Одна распахнулась в белое спокойствие, где желания глохли, как струны в воде. Другая в красное дыхание, где каждая минута была зубом. Обе стояли у меня в груди, обе казались выходом, и каждая клялась: Входи через меня. Я рассмеялся, слишком громко, слишком поздно. Я уже знал, райская дверь без неё есть вежливая казнь, а адская с её следом — почти милосердие.
Она ушла накануне, хотя накануне с тех пор расплылось и заняло все часы. Вечер поцеловал день так крепко, что утро до сих пор не могло освободиться. Я помню её губы, не как губы, а как печать на воске, которым залили мои ребра. Я сделал шаг за ней, второй, третий, и вдруг пол поднялся, словно каменное море, и я споткнулся о собственное имя. Дверь закрылась.
С тех пор желание ходило за мной с петлями. Оно расставляло силки из слов: Подожди, мол, вернётся, только представь, ещё раз. Оно называло себя спасением, но всякий раз, когда я протягивал руку, на ладони оказывался крючок. Я ругал его, кормил, выгонял, снова принимал. Оно было моим врагом с детства моей тоски и единственным родственником после её ухода.
Чтобы не разорваться, я приказал столу петь.

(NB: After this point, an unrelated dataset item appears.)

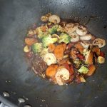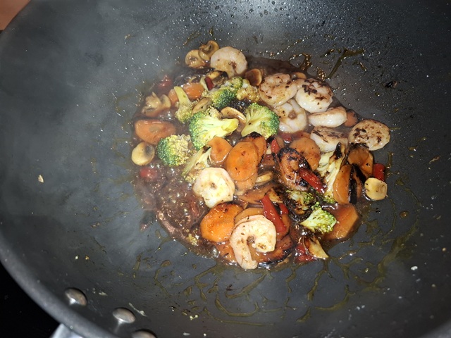 Nadat de groenten een minuut of 5 hebben gekookt voeg dan de saus toe en laat even zachtjes koken zodat de saus dikker wordt met het deksel op de pan.. Roer regelmatig. Als de groenten gaar zijn kunnen de garnalen terug in de pan. Laat nog even goed doorwarmen.

Стол загудел в ножках, тарелки затрепетали, соль поднялась белой бурей. Не музыка, вскрытие музыки! Мне нужны были слёзы, не утешение. Дикая песнь, чтобы грудь разорвалась и показала: вот, смотрите, внутри не пустота, внутри идет сражение жизни со смертью, и обе стороны дерутся с моим лицом. Я плакал так, что вода в кувшине стала солёной. Но угли в сердце не гасли, они лишь учились плавать.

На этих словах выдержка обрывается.